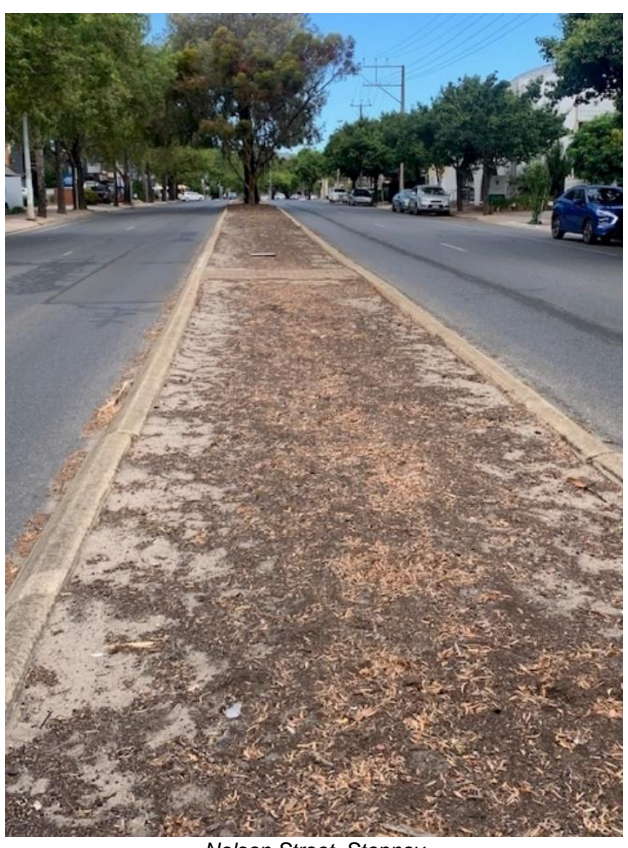
Nelson Street, Stepney (between Union Street and Magill Road looking south)

Over the last ten years, the Department has removed several trees that were planted in the OG Road median for safety and maintenance reasons. The OG Road median now has few remaining trees. Newly planted trees will require regular irrigation for the first few years during the summer to become established. Manual watering via a truck may be expensive due to time restrictions for maintenance. Therefore, investment in a drip irrigation system should also be considered for the OG Road median if new trees are approved to be planted. The following is an image of the Nelson Street median.
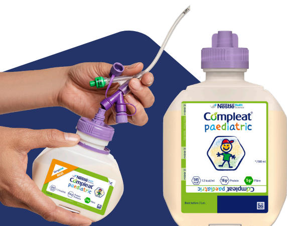
PEG tube not supplied

Unsuitable for Cows' Milk Protein Allergy

▶ **Activity**
Nothing but the lines holding the word "Nelson" should be returned from the listing above.

▶ **Solution to this task**
Nelson Street, Stepney (between Union Street and Magill Road looking south)
Over the last ten years, the Department has removed several trees that were planted in the OG Road median for safety and maintenance reasons. The OG Road median now has few remaining trees. Newly planted trees will require regular irrigation for the first few years during the summer to become established. Manual watering via a truck may be expensive due to time restrictions for maintenance. Therefore, investment in a drip irrigation system should also be considered for the OG Road median if new trees are approved to be planted. The following is an image of the Nelson Street median.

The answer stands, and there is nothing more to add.